Making Nested Directories in Linux

Table of Contents

Creating nested directories when the parent directory does not exist is... impossible. But that also does not mean that you need to create the parent directory first and invoke mkdir again.

There is a faster way to achieve this; you can use the -p flag with mkdir command.

mkdir -p parent_dir/child_dir/nested_child_dir

Using the -p flag will let mkdir know that it is okay to make a parent directory if it does not exist yet, and then create a nested child directory.

mkdir syntax

The method for creating directories in UNIX-like systems is to use the mkdir command.

Below is the syntax of mkdir:

mkdir [OPTION] DIRECTORY

Create nested directories with the '-p' flag

Just as an example, I want to create a directory structure where the parent directory's name is 'songs' and the child directory's name is 'artists.'

The typical way to achieve this is by the following set of commands:

$ mkdir -v songs
mkdir: created directory 'songs'

$ mkdir -v songs/artists
mkdir: created directory 'songs/artists'

# I only included the '-v' flag for verbosity, you need not use it

This can be achieved in a single line like so:

$ mkdir -p -v songs/artists
mkdir: created directory 'songs'
mkdir: created directory 'songs/artists'

But... you said, "it is impossible." Technically, you can not create a child directory if the parent does not exist. Yes, that still holds true.
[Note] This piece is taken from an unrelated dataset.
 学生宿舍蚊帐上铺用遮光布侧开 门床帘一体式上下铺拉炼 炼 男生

So, let us understand what happened here.

The mkdir command has a '-p' flag, and its descriptor is "no error if existing, make parent directories as needed". The second part of that statement says that mkdir will create a parent directory if the need be.

If you look at the output of mkdir in the second example, you will notice that mkdir created the 'songs' directory first and then created 'artists' under the 'songs' directory.
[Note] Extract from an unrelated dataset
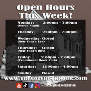 1400 E. 3rd St. Dayton, OH 45403 Join Our Newsletter!!> Email address: Leave this field empty if you're human: When you join our Newsletter, you also become a Free Member! Upcoming Events Upcoming Events Jan 24 12:00 pm - 4:00 pm Vendor Village at the Nook! Jan 24 6:00 pm - 7:00 pm The Cozies! Feb 6 6:00 pm - 8:00 pm February Traditional Book Club View Calendar Books! Books! Books! Audio Books New Books Contact UsEmail: contactus@thecozybooknook.comPhone: 937-530-0720

This indicates that mkdir will first make the necessary parent directories and then the child directory if you use the '-p' flag.

Create multiple child directories under a not-yet-existing parent directory

Let's try to create multiple child directories when the parent directory does not exist.
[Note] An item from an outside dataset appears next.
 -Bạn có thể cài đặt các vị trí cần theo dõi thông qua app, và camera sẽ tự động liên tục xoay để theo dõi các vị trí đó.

There are two ways to achieve this. Have a look:

$ mkdir -vp songs/artists songs/albums songs/genres songs/genres/classical songs/genres/pop
mkdir: created directory 'songs'
mkdir: created directory 'songs/artists'
mkdir: created directory 'songs/albums'
mkdir: created directory 'songs/genres'
mkdir: created directory 'songs/genres/classical'
mkdir: created directory 'songs/genres/pop'

Or, you can use the following command:

$ mkdir -vp songs/{artists,albums,genres/{classical,pop}}
mkdir: created directory 'songs'
mkdir: created directory 'songs/artists'
mkdir: created directory 'songs/albums'
mkdir: created directory 'songs/genres'
mkdir: created directory 'songs/genres/classical'
mkdir: created directory 'songs/genres/pop'

As you can see, both commands have the same output, but the latter one is faster to type.

The '{}' curly brackets are used to specify a list, in this case, a list of directory names.

In this example, the parent directory 'songs' does not exist, so it was created. Then, the child directories 'artists', 'albums', and 'genres' are created. The directories 'classical' and 'pop' are listed under genres, so these two are the child directory of 'genres,' and they are created as I expected.

Conclusion

You can learn more about the mkdir command in the article below.

mkdir command: Create New Directories in Linux
mkdir is one of the essential Linux commands that every Linux user should know. You can create new directories using mkdir.

So, now you know how you can create a child directory when a parent directory does not exist - without creating each directory manually.